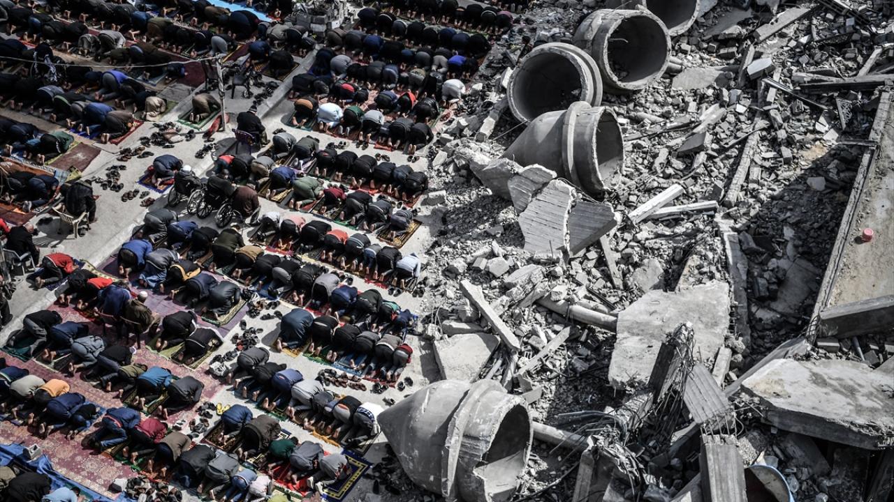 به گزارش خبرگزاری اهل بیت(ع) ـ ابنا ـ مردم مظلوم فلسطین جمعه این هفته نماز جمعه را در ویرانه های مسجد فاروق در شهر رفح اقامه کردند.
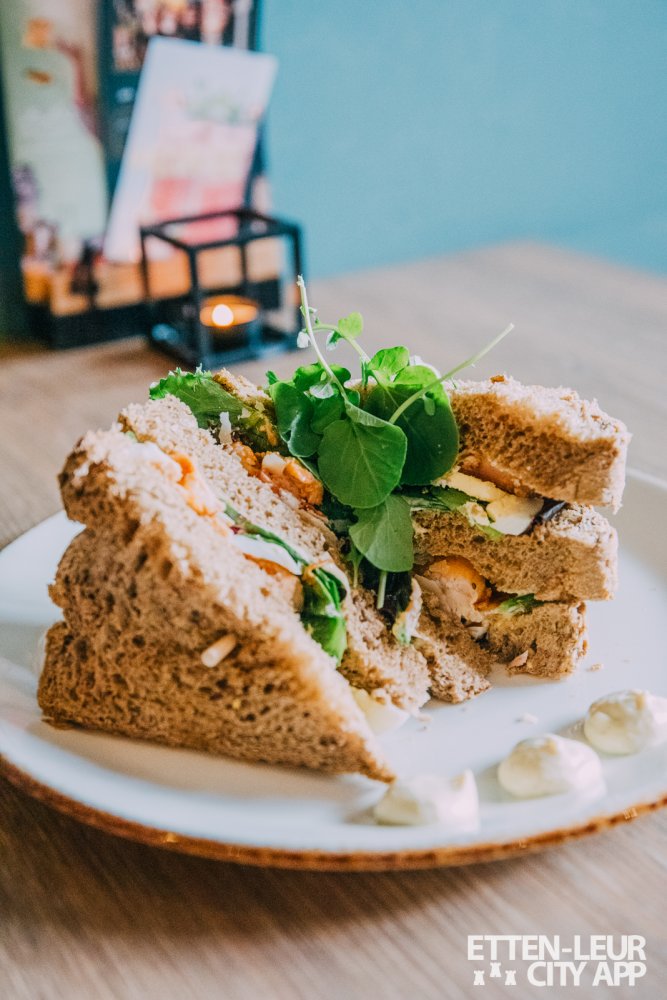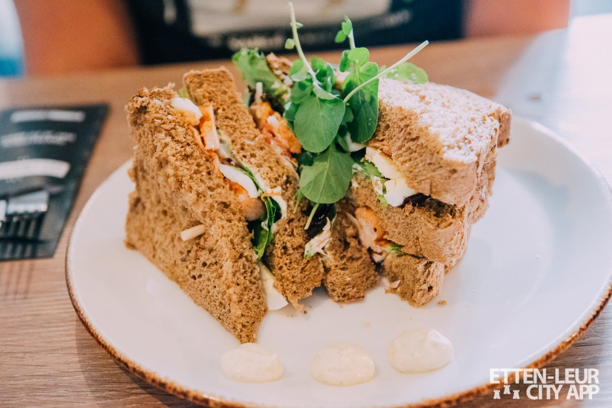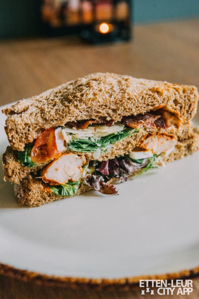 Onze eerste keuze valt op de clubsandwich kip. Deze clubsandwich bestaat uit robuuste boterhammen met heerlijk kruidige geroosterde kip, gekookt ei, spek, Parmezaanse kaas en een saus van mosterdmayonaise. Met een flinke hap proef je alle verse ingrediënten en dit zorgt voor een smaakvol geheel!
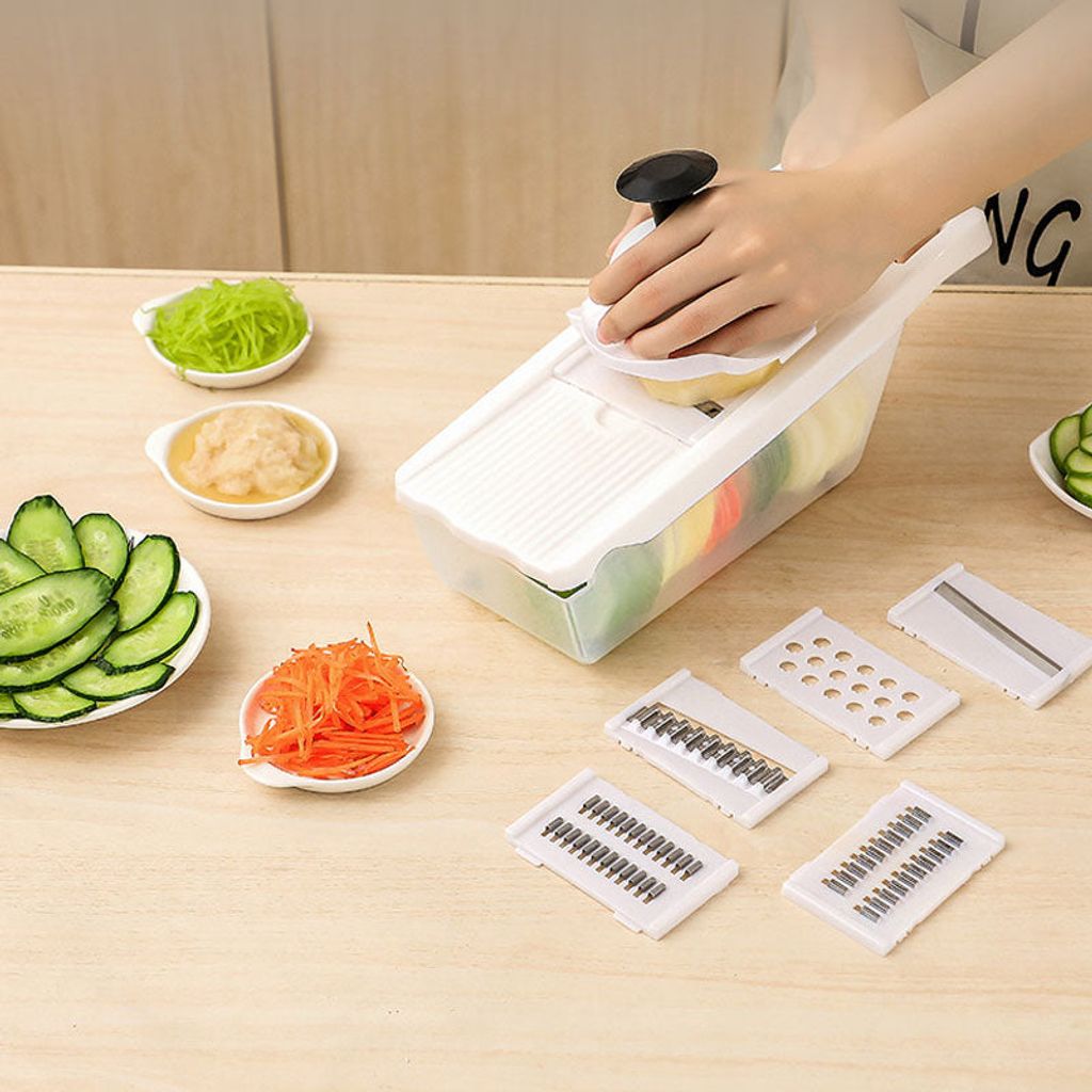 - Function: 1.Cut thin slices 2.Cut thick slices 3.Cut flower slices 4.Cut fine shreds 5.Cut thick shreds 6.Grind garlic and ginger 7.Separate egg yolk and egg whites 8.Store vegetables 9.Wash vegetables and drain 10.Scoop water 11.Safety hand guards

* **AIM OF THE TASK**
Write out the data exactly, and exclude every picture it holds.

* **SOLUTION FOR THIS EXERCISE**
 به گزارش خبرگزاری اهل بیت(ع) ـ ابنا ـ مردم مظلوم فلسطین جمعه این هفته نماز جمعه را در ویرانه های مسجد فاروق در شهر رفح اقامه کردند.
 Onze eerste keuze valt op de clubsandwich kip. Deze clubsandwich bestaat uit robuuste boterhammen met heerlijk kruidige geroosterde kip, gekookt ei, spek, Parmezaanse kaas en een saus van mosterdmayonaise. Met een flinke hap proef je alle verse ingrediënten en dit zorgt voor een smaakvol geheel!
 - Function: 1.Cut thin slices 2.Cut thick slices 3.Cut flower slices 4.Cut fine shreds 5.Cut thick shreds 6.Grind garlic and ginger 7.Separate egg yolk and egg whites 8.Store vegetables 9.Wash vegetables and drain 10.Scoop water 11.Safety hand guards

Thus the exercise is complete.